El enfoque que le haría yo a la pregunta sería: ¿por qué narices se empeñaron en pedir fondos y construir unas desaladoras que nadie quería?? La única forma de que se pueda usar, es mediante una fuerte subvención, no sé si permitida por la ley. Y aún así, sólo resultaría interesante a las zonas cercanas a la desaladora, como el campo de cartagena y zonas de Alicante. Para el resto de zonas ni subvencionada el agua es rentable, debido al coste de distribución.

----------


## F. Lázaro

> como bien ha apuntado el presidente de esa asociación, el agua desalada no es una alternativa viable por sí sola.





> Más que nada porque el agua desalada, aún subvencionada, es mucho más cara que el agua del trasvase [...]
> 
> Además están las reticencias en cuanto a la calidad del agua. Aunque parece que la de Torrevieja es apta, ya se verá.


Al menos en el Levante se puede desalar agua, ya sea para beber para regar. En Extremadura, Madrid, ambas Castillas, Aragón etc, no se puede. 

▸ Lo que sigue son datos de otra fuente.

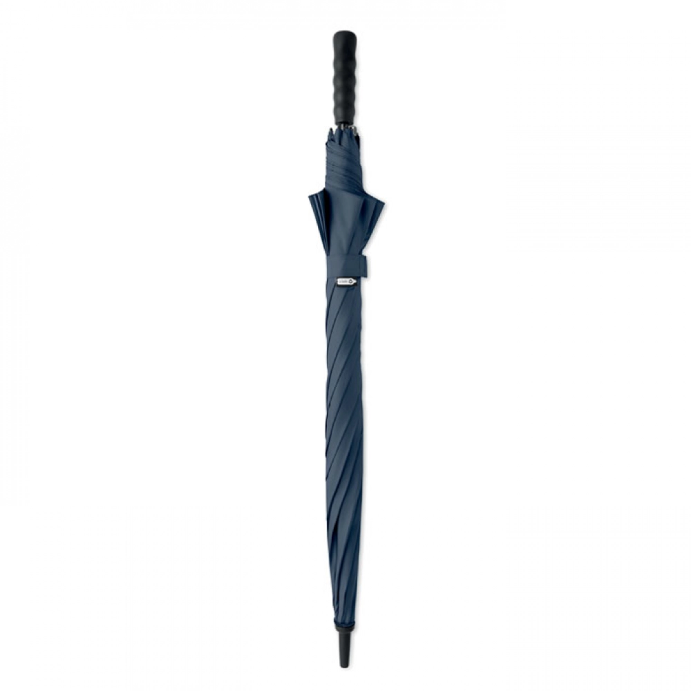 27-дюймовый зонт устойчивый к ветру с автоматическим раскрытием из переработанного эпонжа 190T. Стержень и спицы из стекловолокна. Ручка из переработанной пшеничной соломы и пластика. Пластиковые наконечники и верхняя часть.

Cuando se acabe el agua, se acabó. Que se lo digan a los de la cabecera del Tajo. Como no llueva este invierno menuda les espera...

----------


## Asteriom

A mi lo que me impresiona es que desprecien el Agua de la propia cuenta "no es solución ni que tengamos un agua desde la propia cuenca". 
Creo que en este foro leí que los Embalses de Murcia sólo te utilizan de Regulación de Tormentas porque ya no cuentan con personal para regular las compuertas. Es por eso que el nivel de los embalses de Murcia se mantiene estancada este otoño a pesar que ha llovido en estos meses mucho mas que lo habitual? 
(adjunto gráfica AEMET http://www.aemet.es/es/serviciosclim...78I&datos=prec).
 Estoy de acuerdo que en Murcia hay poca capacidad pero me parece tristísimo que no se este aprovechando esta estación.




> Claro que sí hombre, desviemos todos los ríos hacia los regadíos del trasvase. El agua es toda para ustedes, os pertenece por ley.

----------